Они стояли у ограды общественного сада у станции «Темпл».
— А если я попрошу юристов составить и показать тебе документ, подтверждающий, что твой долг погашен за счет выплат из отцовского капитала, мальчика все равно воспитают католиком? Ведь тогда вопрос задолженности будет снят.
— Нет у меня никакого долга, — повторил Кристофер. — Но если бы ты меня предупредил, я навел бы справки в банке и эта ошибка вообще не произошла бы. Почему ты мне ничего не сказал?
— Я хотел, — сказал Марк. — Но я ненавижу писать письма. И я все отложил. Мне не особо хотелось иметь дело с человеком, за которого тебя принимал. Полагаю, за это ты меня тоже не простишь?
— Нет. Я не смогу простить тебя за то, что ты меня не уведомил, — проговорил Кристофер. — Ведь это твоя рабочая обязанность — писать письма.
— Терпеть не могу это делать, — проговорил Марк. Кристофер продолжил движение. — Но есть еще кое-что, — добавил Марк. — Правильно я понимаю, что этот мальчик — твой кровный сын?
— Да, — ответил Кристофер.
— Что ж, чудесно, — сказал Марк. — Надеюсь, ты не против, если я возьму его на воспитание в случае твоей смерти?
— Конечно, не против, — ответил Кристофер.
Они неспешно шли вдоль набережной, и фигуры их были похожи: прямые спины, угловатые плечи. Они были весьма довольны совместной прогулкой, и им не хотелось ее заканчивать. Один-два раза они останавливались, чтобы вглядеться в грязное серебро реки, ибо им обоим нравились темные детали пейзажа. Они чувствовали себя очень уверенно, словно были владельцами этой земли!
Вдруг Марк захихикал и проговорил:
— Чертовски смешно. Размышлять о свойственной нам обоим... как это называется?.. моногамии? Что ж, прекрасно, когда получается сохранить верность одной женщине... С этим невозможно поспорить. Так куда проще жить.
Кристофер остановился под мрачноватой аркой перед Военным министерством.
— Я тоже зайду, — сказал Марк. — Хочу переговорить с Хогартом. Давно с ним не виделся. О размещении грузовых вагонов у Риджентс-парк. Я отвечаю за весь этот кошмар и много еще за что.
— Говорят, у тебя это чертовски хорошо получается, — сказал Кристофер. — Говорят, ты незаменим. — Он понимал, что брат хочет пробыть с ним рядом как можно дольше. Он и сам этого хотел.
— Да, вполне! — подтвердил Марк. — Полагаю, ты-то такой работой во Франции заниматься не можешь? Нужно иметь дело с транспортом и лошадьми, —добавил он.
— Могу, — ответил Кристофер. — Но буду связистом, наверное.

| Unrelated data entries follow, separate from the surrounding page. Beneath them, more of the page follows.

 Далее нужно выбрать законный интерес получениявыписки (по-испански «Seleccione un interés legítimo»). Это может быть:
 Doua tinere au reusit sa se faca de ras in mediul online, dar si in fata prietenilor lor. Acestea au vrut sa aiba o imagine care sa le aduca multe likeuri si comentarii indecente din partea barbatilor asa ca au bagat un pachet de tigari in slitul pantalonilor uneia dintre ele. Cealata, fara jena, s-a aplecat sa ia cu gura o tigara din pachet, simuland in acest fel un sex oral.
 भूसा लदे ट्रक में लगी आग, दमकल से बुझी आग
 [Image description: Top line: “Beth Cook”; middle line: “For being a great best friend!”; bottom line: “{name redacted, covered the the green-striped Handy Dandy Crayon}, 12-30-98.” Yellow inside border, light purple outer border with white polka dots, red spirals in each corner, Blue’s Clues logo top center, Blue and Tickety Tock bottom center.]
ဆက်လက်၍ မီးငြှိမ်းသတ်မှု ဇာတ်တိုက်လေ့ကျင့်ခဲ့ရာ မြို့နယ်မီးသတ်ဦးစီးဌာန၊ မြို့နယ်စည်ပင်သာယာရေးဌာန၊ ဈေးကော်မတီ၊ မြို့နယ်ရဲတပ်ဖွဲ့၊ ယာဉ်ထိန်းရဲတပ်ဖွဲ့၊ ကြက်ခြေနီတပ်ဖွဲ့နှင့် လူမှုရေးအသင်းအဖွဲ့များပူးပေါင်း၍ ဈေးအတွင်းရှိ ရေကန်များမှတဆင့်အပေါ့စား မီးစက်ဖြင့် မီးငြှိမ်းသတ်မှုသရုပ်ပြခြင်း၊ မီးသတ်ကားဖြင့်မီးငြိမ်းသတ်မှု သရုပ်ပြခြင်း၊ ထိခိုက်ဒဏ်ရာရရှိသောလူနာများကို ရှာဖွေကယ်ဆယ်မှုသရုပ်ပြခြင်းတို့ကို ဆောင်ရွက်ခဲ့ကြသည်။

— Не обязательно, — сказал Марк. — Могу замолвить за тебя словечко перед транспортниками.
— Хорошая мысль, — сказал Кристофер. — Я не готов вернуться на передовую. Да и вообще, никакой я не герой! Я всего лишь младший офицер. Титженсам вообще никогда не удавалось прославиться на военном поприще.
Они прошли под аркой. Валентайн Уонноп — а эта встреча показалась Кристоферу невероятно уместной, ожидаемой и необходимой — стояла у здания министерства и изучала списки погибших, висящие на доске под козырьком, выкрашенным дешевой зеленой краской из желания сэкономить деньги налогоплательщиков.

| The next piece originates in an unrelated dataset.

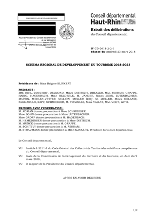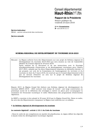 La Région sollicite l’avis des Départements sur son projet de Schéma régional de développement du tourisme 2018-2023 qui sera soumis au vote de l'assemblée plénière du Conseil régional le 29 mars 2018. Après analyse de ce document et de ses interactions avec la Stratégie interdépartementale d’innovation et de développement touristique pour l’Alsace 2017-2021, adoptée par les deux Départements alsaciens en décembre dernier, il est proposé, sur avis de la Commission de l’aménagement du territoire et du tourisme en date du 9 mars 2018, de conclure que le Conseil départemental n’est pas en mesure d’émettre un avis sur le projet de Schéma régional de développement du tourisme.
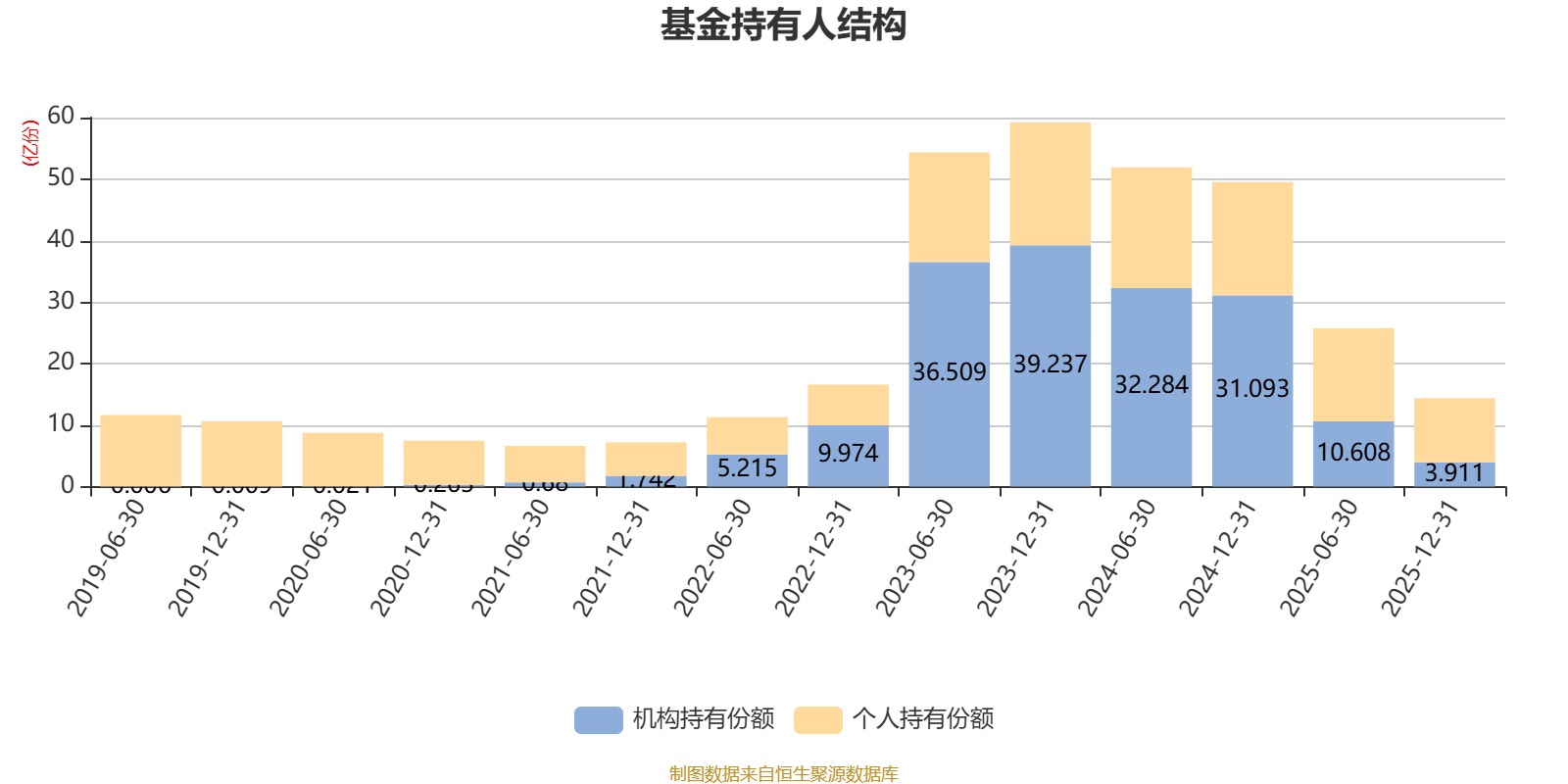 截至2025年12月31日,基金持有人共计19.07万户,合计持有14.38亿份。其中管理人员工持有290.75万份,占比0.20%,机构持有份额占比27.20%,个人投资者占比72.80%。

Она повернулась к Кристоферу, появление которого было для нее таким же уместным и ожидаемым. Лицо у нее было бледное и перекошенное.
— Только взгляните на этот ужас! — бросилась она к нему, крича. — И вы в этой вашей проклятой военной форме этому только способствуете!
Листы бумаги, висящие под зеленой крышей, были исписаны множеством имен, и каждое имя означало смерть человека.
Титженс ступил назад и сошел с тротуара, обрамлявшего квадратный двор.